About

You've stumbled upon the personal online chronicles of ByteMonkey, one of the many unknown web developing computer geeks that tirelessly toil away to keep the Internet chugging along. This site is a collection of random personal thoughts, midnight confessions, geeky opinions, primal ravings, and pointless grievances on any geeky topic under the sun.

Basically, it's a freaking blog. Deal with it! If you don't know what that is? Try looking it up on Wikipedia.

About the Posts
The postings on this site are currently being processed through Blogger. It was at one point processed through Utterz/Utterli but that service is no longer available. You can view ByteMonkey's photoblog at Tumblr or you can virtually stalk ByteMonkey via Twitter.

About the Monkey
Living and working in the sunny town of Pensacola, Florida, ByteMonkey enjoys hanging out at the white sand beaches, local bars, bookstores, restaurants, movie theaters and electronics stores. He works for a non-profit organization which he claims to be good for his soul but not for his wallet. Let's just say that he doesn't get paid much compared to his esteemed colleagues in the web development industry. Whatever money he does save is usually spent on various electronic gadgets.  

For over twelve years, ByteMonkey has been working on the World Wide Web in one form or another. He remembers a time when blogs didn't exist and people referred to such sites as their "personal homepages."

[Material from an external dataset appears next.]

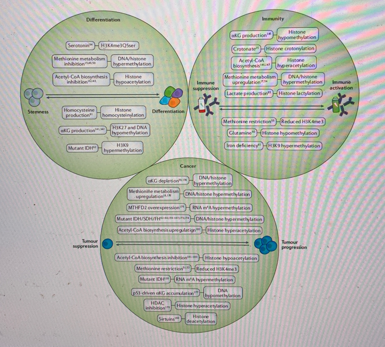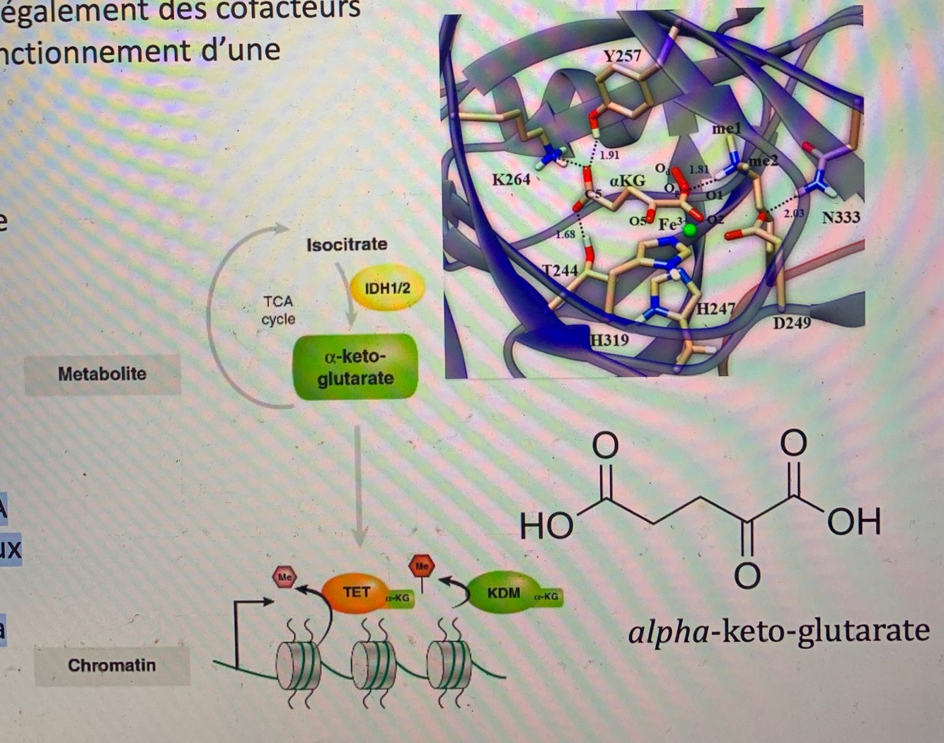 —> taux de α-KG – issu du TCA - régule alors l’activité de deux déméthylases (« erasers ») distincts, couplant le TCA à la modification de la chromatine.
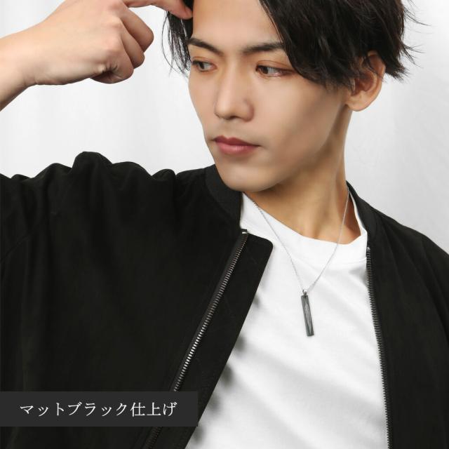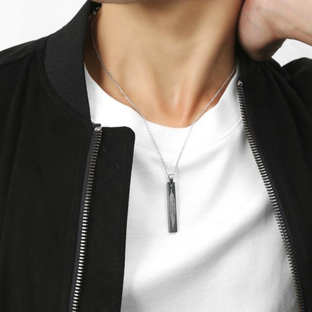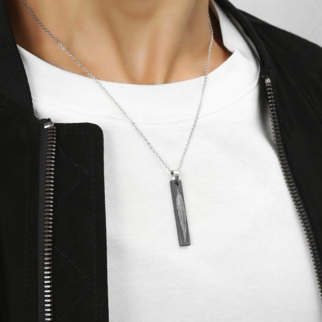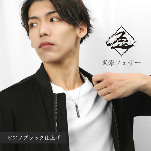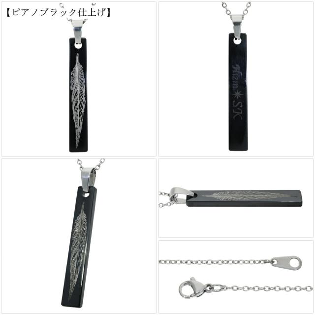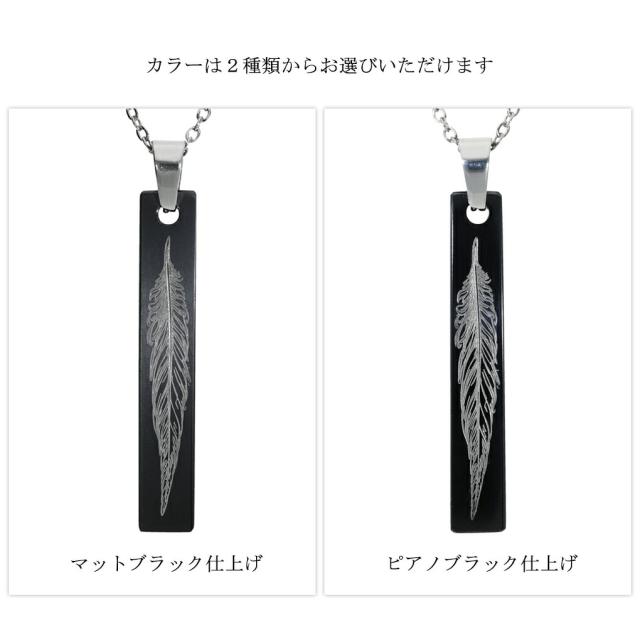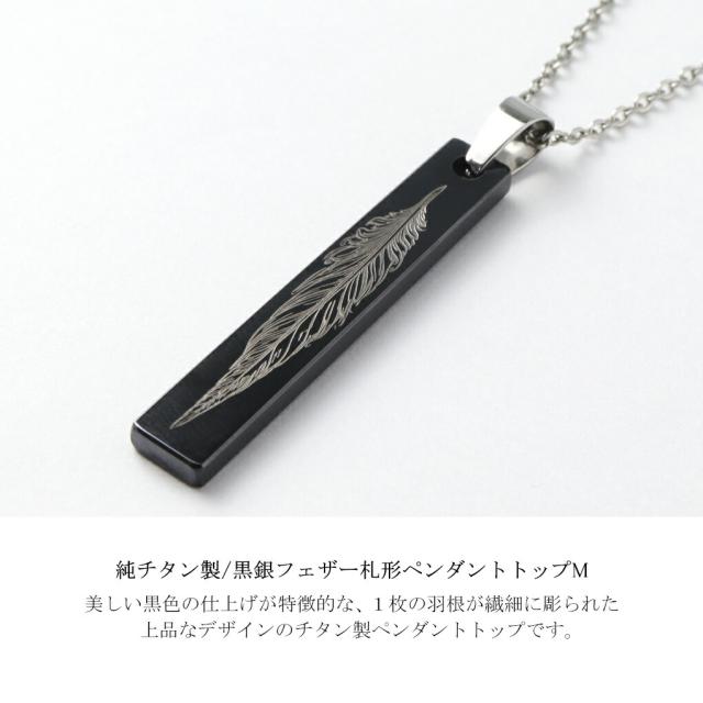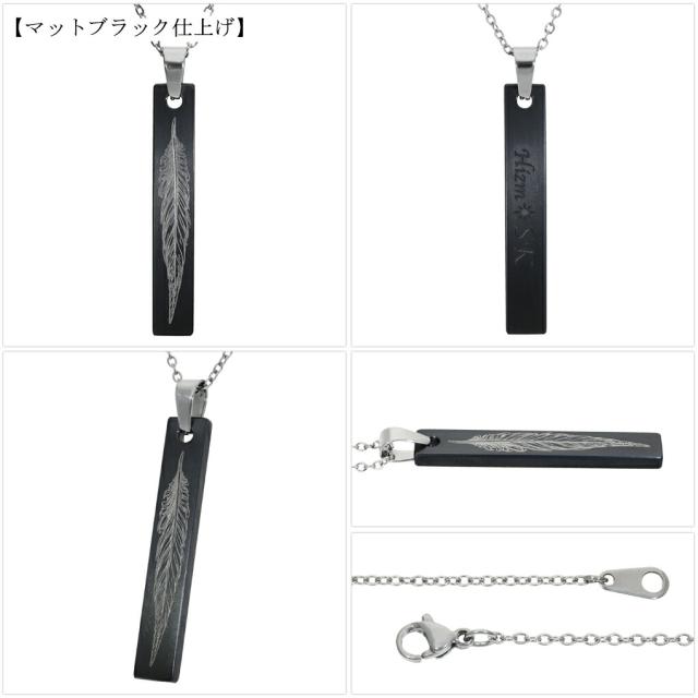 Hizm 選べる2種 フェザー 羽根 ブラック 黒 札形 プレート M ネックレス (チェーン付き) ペンダント チタン 羽 彫刻 削り出し きれいめ メンズ

ByteMonkey lives the "computer geek life." He owns too many personal computers and laptops for one person to ever realistically use. He networks them together only because he can and not for any discernible, sane reason. Being a computer geek, he has no real social life, but is supposedly popular online although no one can really prove it. Countless scientists and philosophers that have observed the Monkey have often speculated that perhaps it is his lack of a social life that causes his random moodiness and sometimes eccentric demeanor.

ByteMonkey is addicted to rice and rice products. Although not Japanese, he is a Japanophile which makes him prone to worshiping giant transforming robots, micronized technology, and overly developed, giant eyed Animé girls who have large pairs of guns.

When he is not writing code, selling diet soda, or eating ramen noodles in his work office, ByteMonkey moonlights as a sword-wielding ninja who fights crime when the ambient temperature is between 70 to 72 degrees Fahrenheit. His chubby panda-like physique and ungracious movements, (a combination now known as Budhaesque™), make him ineffective during any other temperatures.

When he was seven years old, an Igorot shaman taught him the mystical art of controlling the weather. This act has essentially made him into a low-level weather god. Know that whenever it rains on you, it probably means that ByteMonkey is mad at you. Offerings and sacrifices of food or money have been known to pacify him.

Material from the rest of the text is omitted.